Label Language: Sparkling Wine

Reading a sparkling wine label is like trying to learn a foreign language (or more specifically, French). All the fancy terms and elegant phrases tend to go way over our heads, so we’re here to dumb down the lingo so that we’re all able to knowledgeably enjoy our bubbly together.

While you’ve read that fermentation is a crucial part of the winemaking process, sparkling wine is actually fermented twice to create those bubbles we all know and love. Two of the most common methods used to re-ferment wine are the Traditional Method and the Tank Method, each used for Champagne and Prosecco, respectively. With the Traditional Method, the still wine ferments in its individual bottle, so that when you pop it open, it’s bubbles galore. The Tank Method involves transferring the fermented wine into a large, pressurized tank, where it’s left to ferment a second time.

 

Sweetness

So now your wine is all bubbly and ready to be bought. But how do you know which bottle to grab based on its description? Sparkling wine has a lot of lingo, and in terms of determining a wine’s sweetness, it can be pretty tricky. The amount of sugar the winemaker adds in depends on if your Champagne is Brut Nature or Demi-Sec.
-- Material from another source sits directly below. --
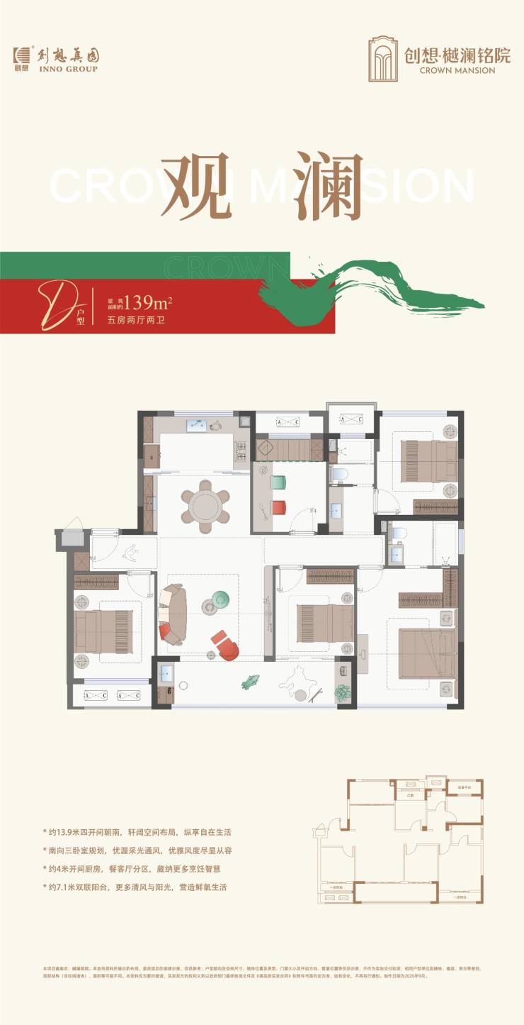 136㎡户型南向面宽达13.9米,适合三代同堂

If that makes absolutely no sense to you, we’re in the same boat. These fancy terms are usually written in French, but just to make it extra confusing to anyone who speaks one language, these labels are sometimes also written in the country’s language where the wine originates.  Luckily for us, Wine Spectator’s June issue broke down all terms most commonly seen on a bottle of bubbly:

Brut Nature, Brut Non-Dosé, Brut Zero completely dry; no residual sugar

Extra Brut  very dry

Brut  dry

Extra dry  off-dry

Dry (Secco) lightly to moderately sweet

Demi-Sec sweet

Doux (Dolce)  frankly sweet

 

Style

But the lingo doesn’t stop there. The style of your bubbly is also indicated on its label to describe the types of grapes used or a certain production method. Just like the sweetness level, these terms typically are written out in French, too:

Blanc de Blancs  this phrase means that your bubbly is made only from white-skinned grapes, hence the “blanc” in the title. If you’re splurging on a bottle of Champagne, then your grapes are only made from Chardonnay grapes.

Blanc de Noirs  in case the “noir” didn’t tip you off, these types of sparkling wine are made only from red-skinned grapes.

Rosé – who doesn’t love Rosé sparkling wine?!  This title on your bottle means that the bubbly inside was produced by mixing some red wine in with the fermented wine before the second fermentation.

Rosé saignée  oooh, you might be thinking even fancier Rosé since it has the added French word at the end. It’s not necessarily any fancier than the plain “Rosé” title we just went over. Essentially the added “saignée” just means that the juice from the red-skinned grapes bled off into the white wine, giving the Rosé its pink color before either fermentation occurred.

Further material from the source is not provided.